- _EXERCISE GOAL_: For each entry, restate it word for word while omitting any image it holds.

Collected data:
********************

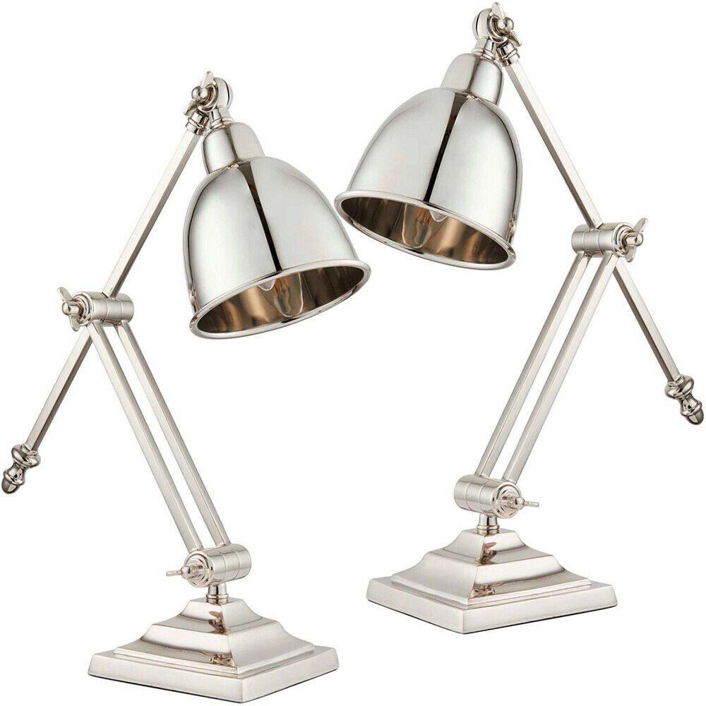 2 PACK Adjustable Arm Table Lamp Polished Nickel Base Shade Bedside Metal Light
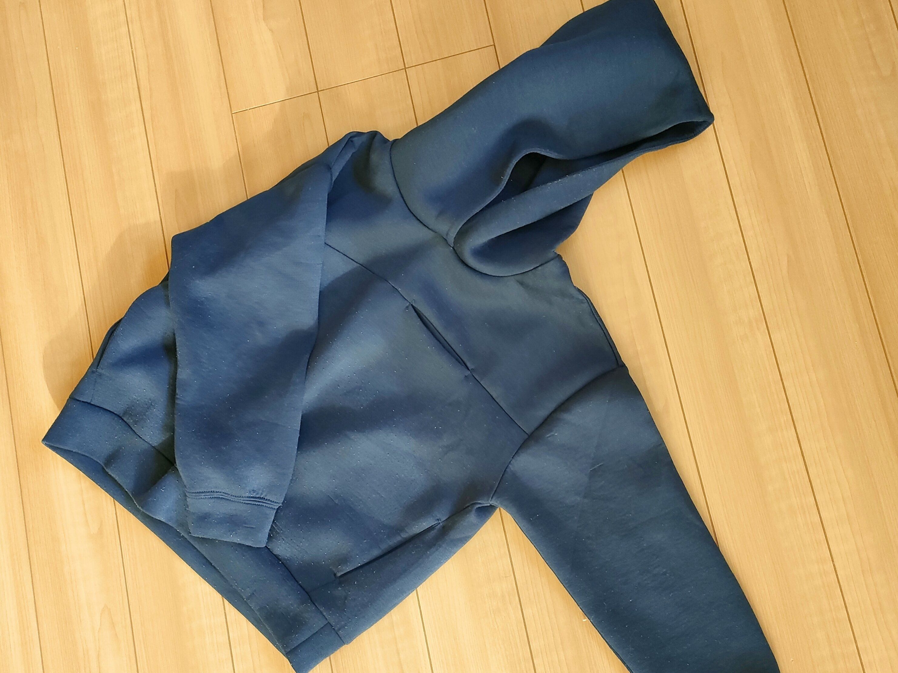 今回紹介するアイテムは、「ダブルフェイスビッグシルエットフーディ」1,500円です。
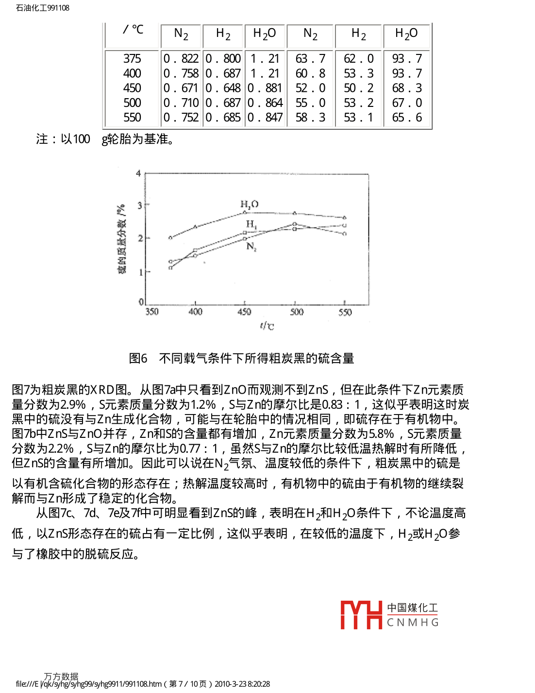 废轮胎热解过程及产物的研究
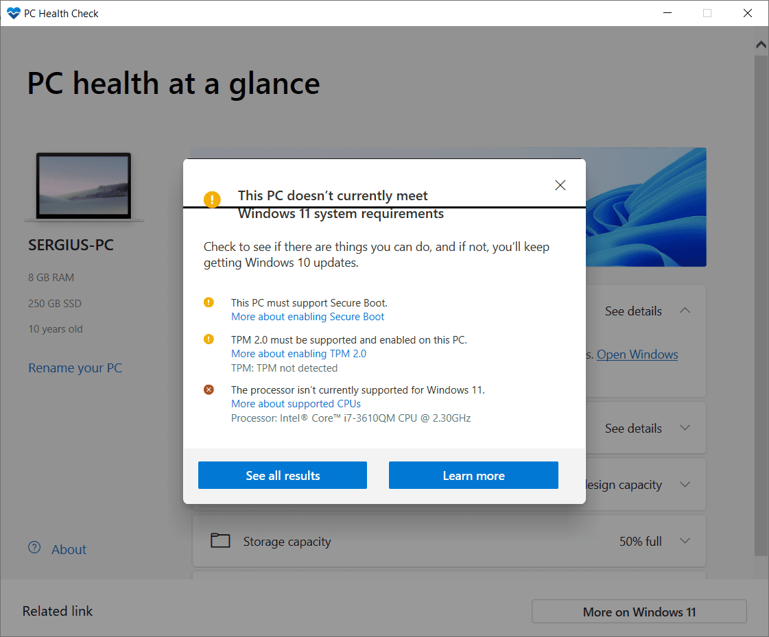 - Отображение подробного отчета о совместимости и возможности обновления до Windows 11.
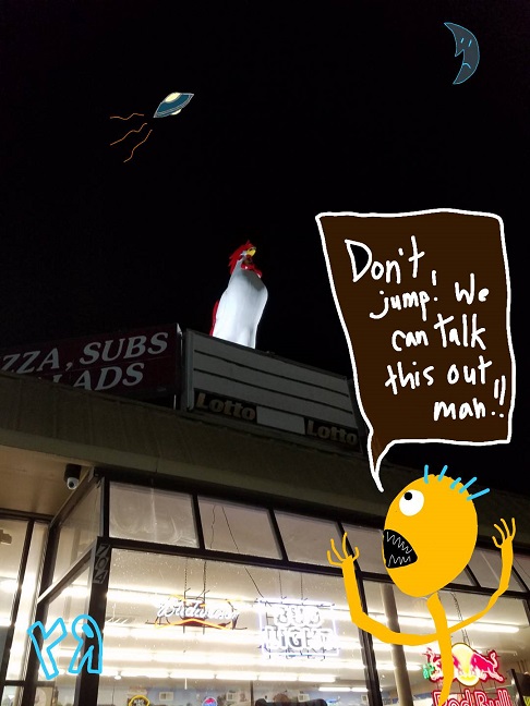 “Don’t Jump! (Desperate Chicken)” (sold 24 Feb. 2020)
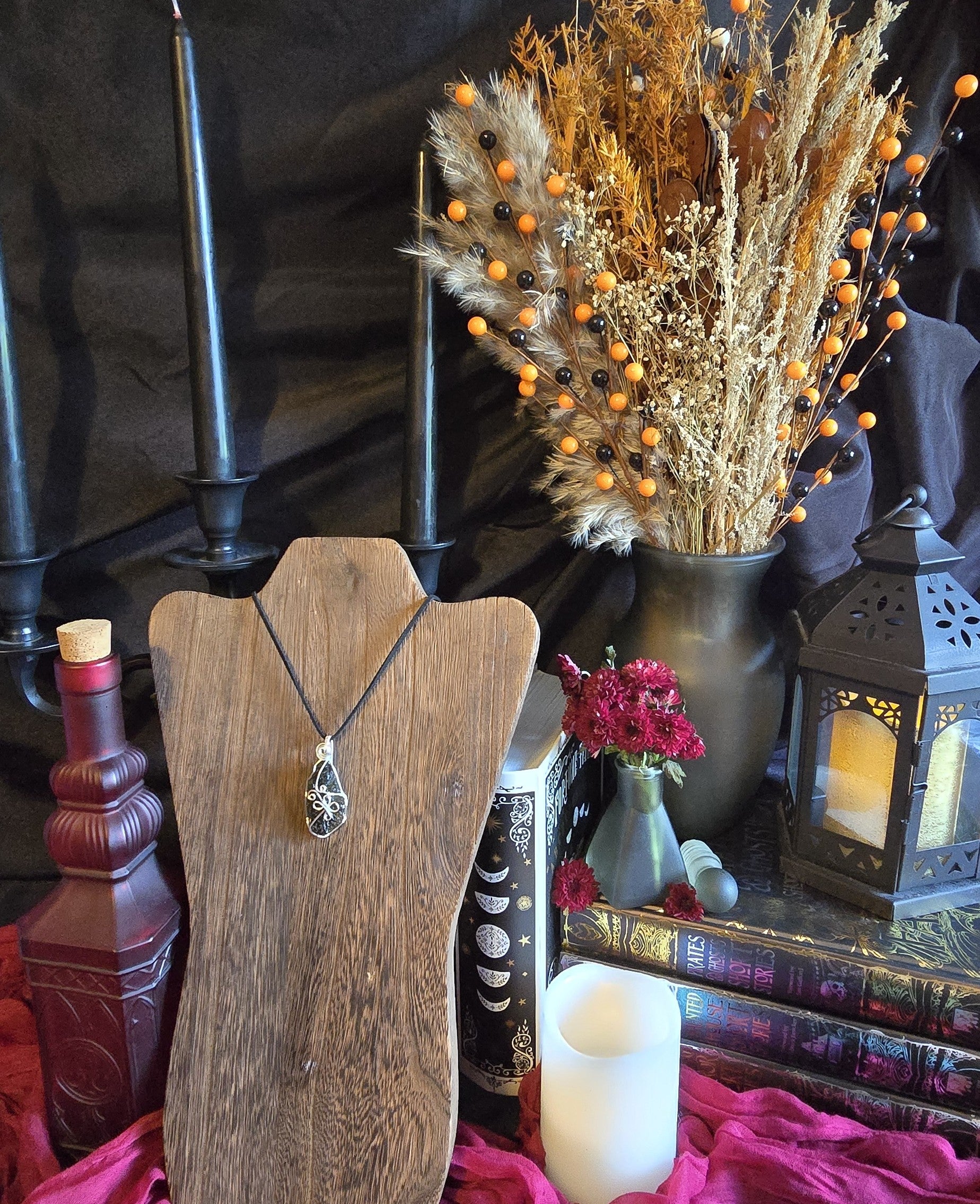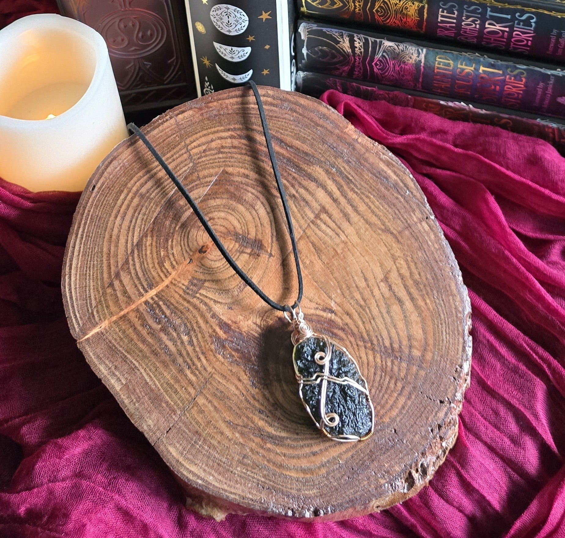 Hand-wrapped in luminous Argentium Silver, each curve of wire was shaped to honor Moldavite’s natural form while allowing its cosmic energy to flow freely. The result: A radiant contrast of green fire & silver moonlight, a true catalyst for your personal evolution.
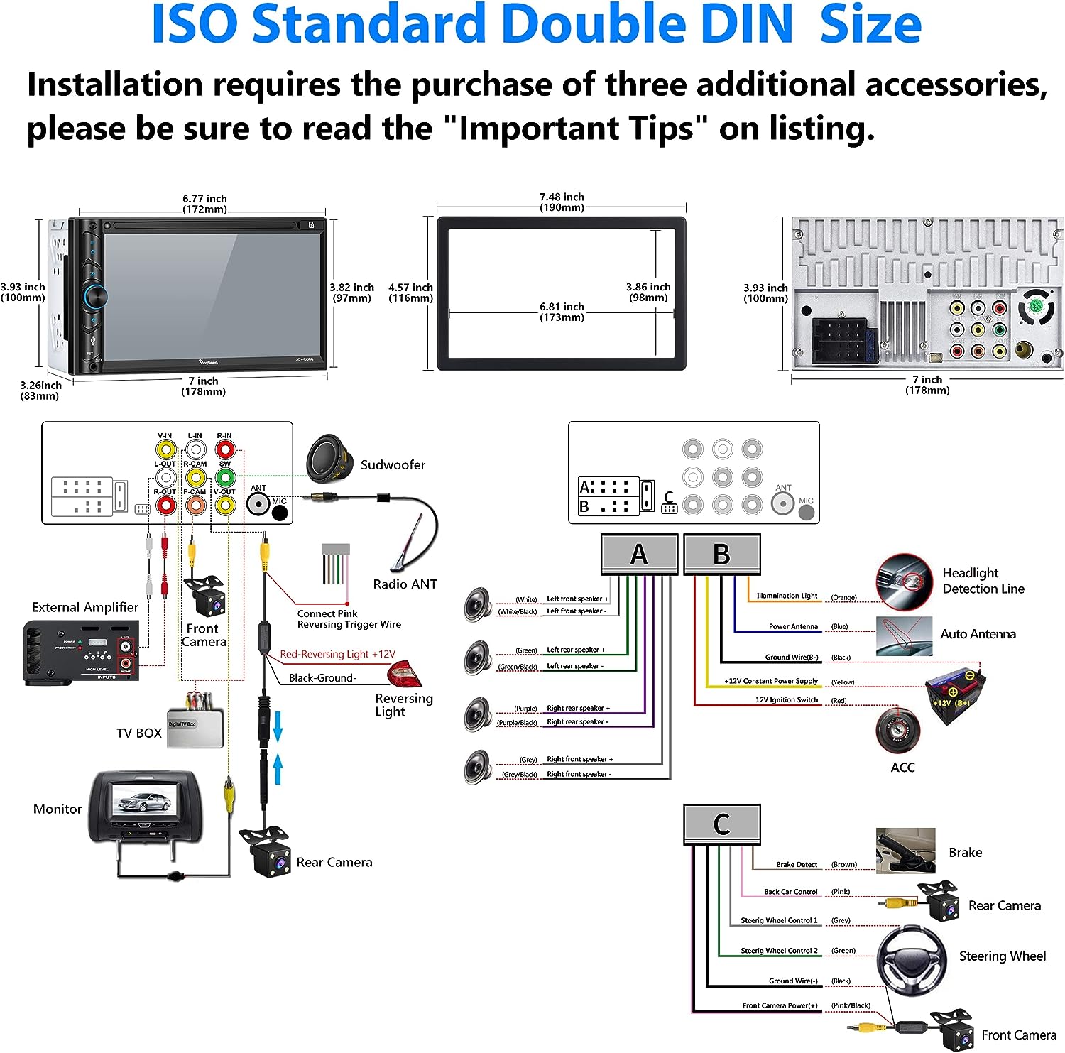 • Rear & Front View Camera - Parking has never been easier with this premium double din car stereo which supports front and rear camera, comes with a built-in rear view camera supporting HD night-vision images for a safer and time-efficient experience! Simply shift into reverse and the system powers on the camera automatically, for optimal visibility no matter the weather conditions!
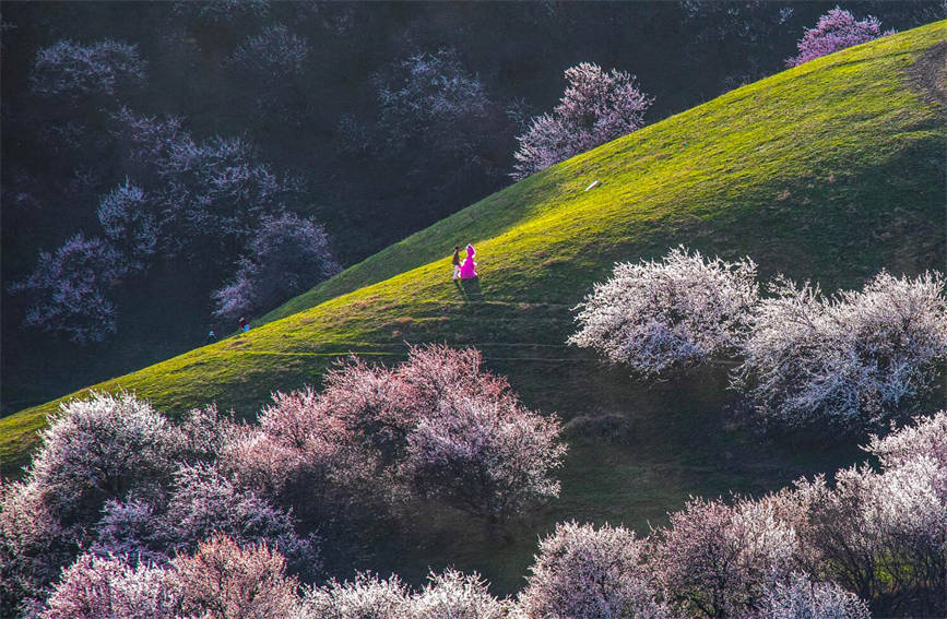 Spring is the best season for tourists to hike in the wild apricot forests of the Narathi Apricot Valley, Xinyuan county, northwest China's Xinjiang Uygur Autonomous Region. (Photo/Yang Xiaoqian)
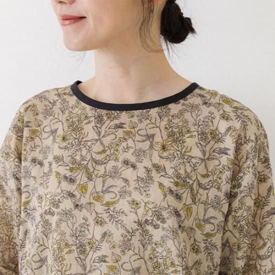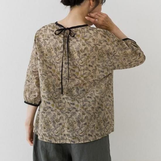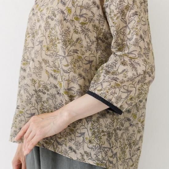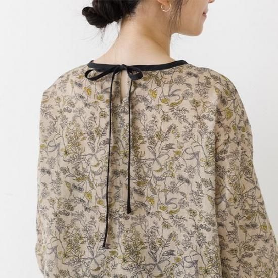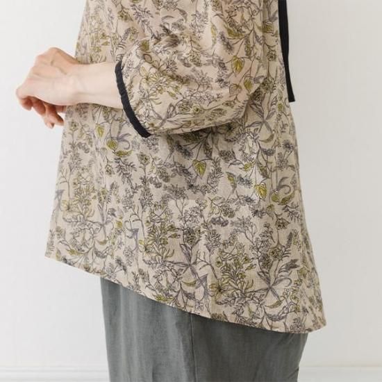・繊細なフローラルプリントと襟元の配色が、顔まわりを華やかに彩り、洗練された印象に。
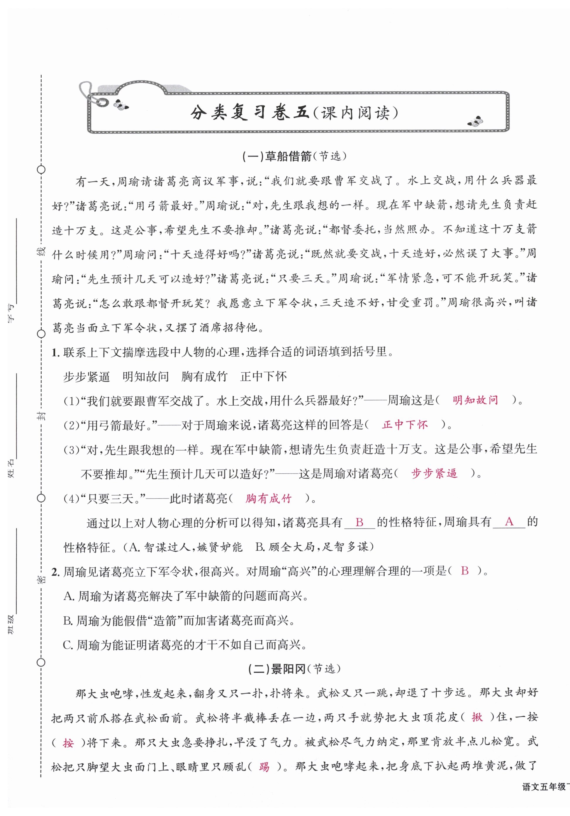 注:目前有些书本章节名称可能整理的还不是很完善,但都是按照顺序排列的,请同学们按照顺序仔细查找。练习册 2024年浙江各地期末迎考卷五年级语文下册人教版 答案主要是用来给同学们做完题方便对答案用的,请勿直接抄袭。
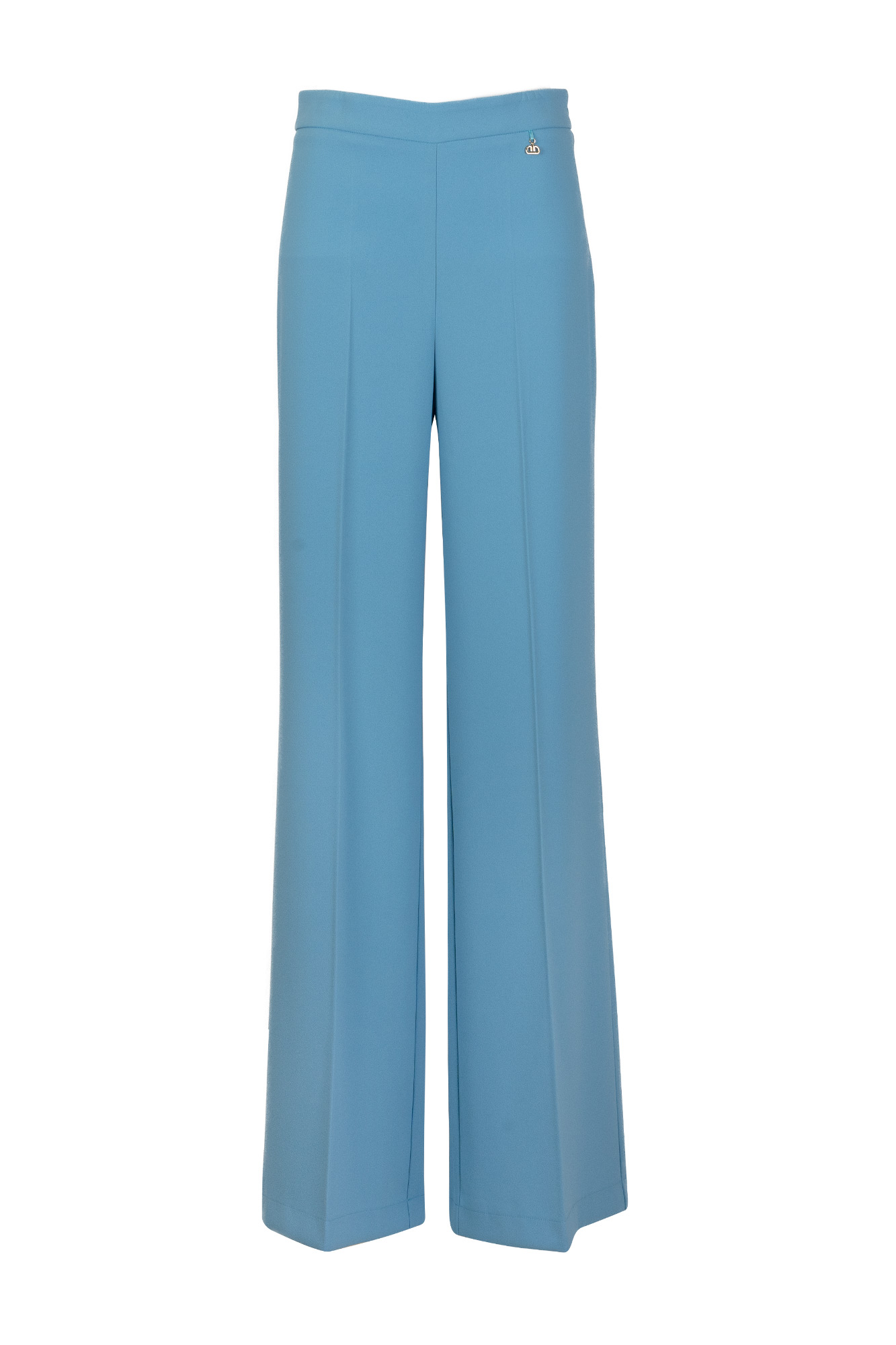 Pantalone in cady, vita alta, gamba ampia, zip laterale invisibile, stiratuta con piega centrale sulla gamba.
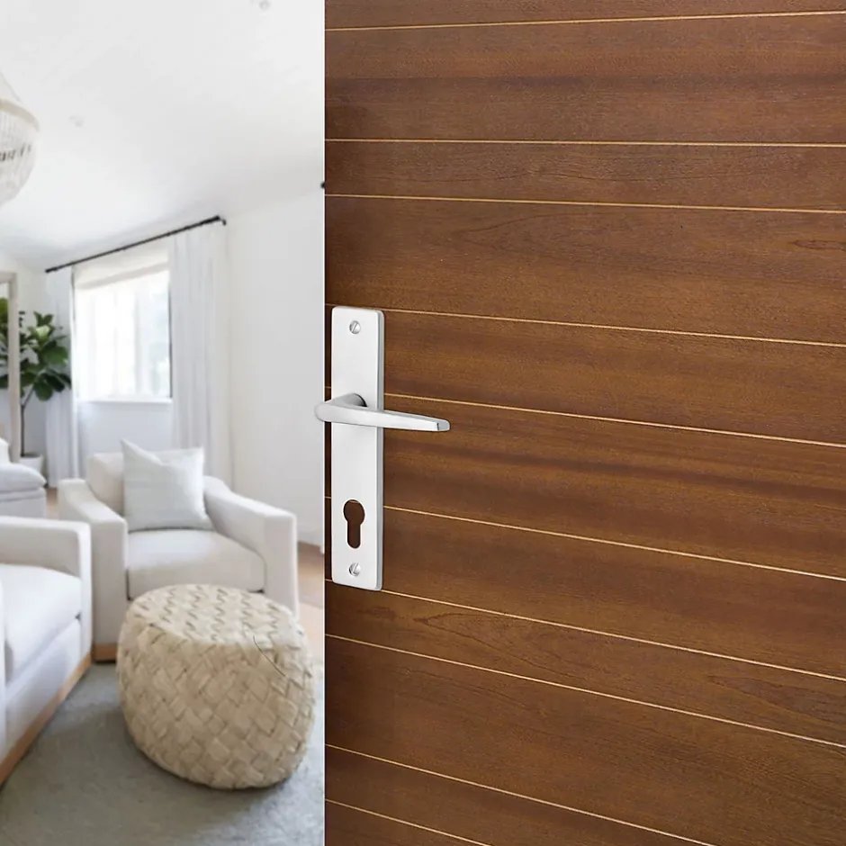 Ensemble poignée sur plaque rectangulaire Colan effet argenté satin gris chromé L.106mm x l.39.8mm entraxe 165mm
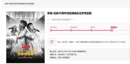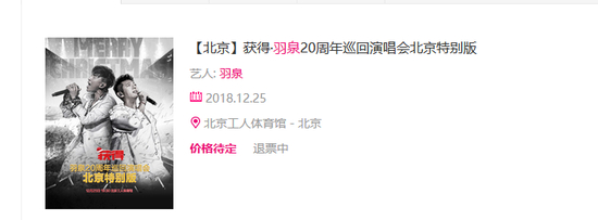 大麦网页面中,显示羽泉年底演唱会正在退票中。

********************

- _COMPLETED TASK_:
 2 PACK Adjustable Arm Table Lamp Polished Nickel Base Shade Bedside Metal Light
 今回紹介するアイテムは、「ダブルフェイスビッグシルエットフーディ」1,500円です。
 废轮胎热解过程及产物的研究
 - Отображение подробного отчета о совместимости и возможности обновления до Windows 11.
 “Don’t Jump! (Desperate Chicken)” (sold 24 Feb. 2020)
 Hand-wrapped in luminous Argentium Silver, each curve of wire was shaped to honor Moldavite’s natural form while allowing its cosmic energy to flow freely. The result: A radiant contrast of green fire & silver moonlight, a true catalyst for your personal evolution.
 • Rear & Front View Camera - Parking has never been easier with this premium double din car stereo which supports front and rear camera, comes with a built-in rear view camera supporting HD night-vision images for a safer and time-efficient experience! Simply shift into reverse and the system powers on the camera automatically, for optimal visibility no matter the weather conditions!
 Spring is the best season for tourists to hike in the wild apricot forests of the Narathi Apricot Valley, Xinyuan county, northwest China's Xinjiang Uygur Autonomous Region. (Photo/Yang Xiaoqian)
・繊細なフローラルプリントと襟元の配色が、顔まわりを華やかに彩り、洗練された印象に。
 注:目前有些书本章节名称可能整理的还不是很完善,但都是按照顺序排列的,请同学们按照顺序仔细查找。练习册 2024年浙江各地期末迎考卷五年级语文下册人教版 答案主要是用来给同学们做完题方便对答案用的,请勿直接抄袭。
 Pantalone in cady, vita alta, gamba ampia, zip laterale invisibile, stiratuta con piega centrale sulla gamba.
 Ensemble poignée sur plaque rectangulaire Colan effet argenté satin gris chromé L.106mm x l.39.8mm entraxe 165mm
 大麦网页面中,显示羽泉年底演唱会正在退票中。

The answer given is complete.